** SOURCE RECORDS follows **

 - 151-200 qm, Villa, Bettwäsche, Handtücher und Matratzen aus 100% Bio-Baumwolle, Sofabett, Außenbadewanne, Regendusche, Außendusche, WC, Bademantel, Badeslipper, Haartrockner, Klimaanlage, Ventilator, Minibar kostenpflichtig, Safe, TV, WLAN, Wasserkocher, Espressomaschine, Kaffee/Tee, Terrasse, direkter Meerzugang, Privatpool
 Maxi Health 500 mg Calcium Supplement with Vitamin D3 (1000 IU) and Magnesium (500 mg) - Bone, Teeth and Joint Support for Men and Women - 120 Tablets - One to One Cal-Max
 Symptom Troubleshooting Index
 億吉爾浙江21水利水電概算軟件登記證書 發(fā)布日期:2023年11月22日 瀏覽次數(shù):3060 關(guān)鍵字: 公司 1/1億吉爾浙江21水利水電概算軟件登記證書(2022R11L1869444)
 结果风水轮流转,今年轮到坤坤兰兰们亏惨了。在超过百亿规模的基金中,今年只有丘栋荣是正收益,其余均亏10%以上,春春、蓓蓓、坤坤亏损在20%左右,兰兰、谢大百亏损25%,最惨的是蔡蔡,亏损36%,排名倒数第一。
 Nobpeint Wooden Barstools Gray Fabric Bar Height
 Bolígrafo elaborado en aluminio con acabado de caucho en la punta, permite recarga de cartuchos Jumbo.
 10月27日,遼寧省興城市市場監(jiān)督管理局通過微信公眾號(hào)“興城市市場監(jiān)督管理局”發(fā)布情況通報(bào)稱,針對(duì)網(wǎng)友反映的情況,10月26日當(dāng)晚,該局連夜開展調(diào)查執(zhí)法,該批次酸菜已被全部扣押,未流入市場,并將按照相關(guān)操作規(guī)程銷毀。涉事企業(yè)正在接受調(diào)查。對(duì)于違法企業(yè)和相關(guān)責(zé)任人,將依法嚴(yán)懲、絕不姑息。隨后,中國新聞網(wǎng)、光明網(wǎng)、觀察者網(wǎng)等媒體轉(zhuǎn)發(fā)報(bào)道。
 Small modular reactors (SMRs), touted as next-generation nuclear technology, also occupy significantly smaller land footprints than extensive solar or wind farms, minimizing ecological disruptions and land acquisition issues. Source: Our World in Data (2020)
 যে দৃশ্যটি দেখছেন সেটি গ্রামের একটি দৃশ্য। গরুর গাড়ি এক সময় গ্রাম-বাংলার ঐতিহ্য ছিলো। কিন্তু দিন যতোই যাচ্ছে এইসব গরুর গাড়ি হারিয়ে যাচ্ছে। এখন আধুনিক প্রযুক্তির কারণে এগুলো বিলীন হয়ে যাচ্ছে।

** End of SOURCE RECORDS **

*TASK TO COMPLETE*. Make an exact copy of all the data.

*EXERCISE RESULT*.
 - 151-200 qm, Villa, Bettwäsche, Handtücher und Matratzen aus 100% Bio-Baumwolle, Sofabett, Außenbadewanne, Regendusche, Außendusche, WC, Bademantel, Badeslipper, Haartrockner, Klimaanlage, Ventilator, Minibar kostenpflichtig, Safe, TV, WLAN, Wasserkocher, Espressomaschine, Kaffee/Tee, Terrasse, direkter Meerzugang, Privatpool
 Maxi Health 500 mg Calcium Supplement with Vitamin D3 (1000 IU) and Magnesium (500 mg) - Bone, Teeth and Joint Support for Men and Women - 120 Tablets - One to One Cal-Max
 Symptom Troubleshooting Index
 億吉爾浙江21水利水電概算軟件登記證書 發(fā)布日期:2023年11月22日 瀏覽次數(shù):3060 關(guān)鍵字: 公司 1/1億吉爾浙江21水利水電概算軟件登記證書(2022R11L1869444)
 结果风水轮流转,今年轮到坤坤兰兰们亏惨了。在超过百亿规模的基金中,今年只有丘栋荣是正收益,其余均亏10%以上,春春、蓓蓓、坤坤亏损在20%左右,兰兰、谢大百亏损25%,最惨的是蔡蔡,亏损36%,排名倒数第一。
 Nobpeint Wooden Barstools Gray Fabric Bar Height
 Bolígrafo elaborado en aluminio con acabado de caucho en la punta, permite recarga de cartuchos Jumbo.
 10月27日,遼寧省興城市市場監(jiān)督管理局通過微信公眾號(hào)“興城市市場監(jiān)督管理局”發(fā)布情況通報(bào)稱,針對(duì)網(wǎng)友反映的情況,10月26日當(dāng)晚,該局連夜開展調(diào)查執(zhí)法,該批次酸菜已被全部扣押,未流入市場,并將按照相關(guān)操作規(guī)程銷毀。涉事企業(yè)正在接受調(diào)查。對(duì)于違法企業(yè)和相關(guān)責(zé)任人,將依法嚴(yán)懲、絕不姑息。隨后,中國新聞網(wǎng)、光明網(wǎng)、觀察者網(wǎng)等媒體轉(zhuǎn)發(fā)報(bào)道。
 Small modular reactors (SMRs), touted as next-generation nuclear technology, also occupy significantly smaller land footprints than extensive solar or wind farms, minimizing ecological disruptions and land acquisition issues. Source: Our World in Data (2020)
 যে দৃশ্যটি দেখছেন সেটি গ্রামের একটি দৃশ্য। গরুর গাড়ি এক সময় গ্রাম-বাংলার ঐতিহ্য ছিলো। কিন্তু দিন যতোই যাচ্ছে এইসব গরুর গাড়ি হারিয়ে যাচ্ছে। এখন আধুনিক প্রযুক্তির কারণে এগুলো বিলীন হয়ে যাচ্ছে।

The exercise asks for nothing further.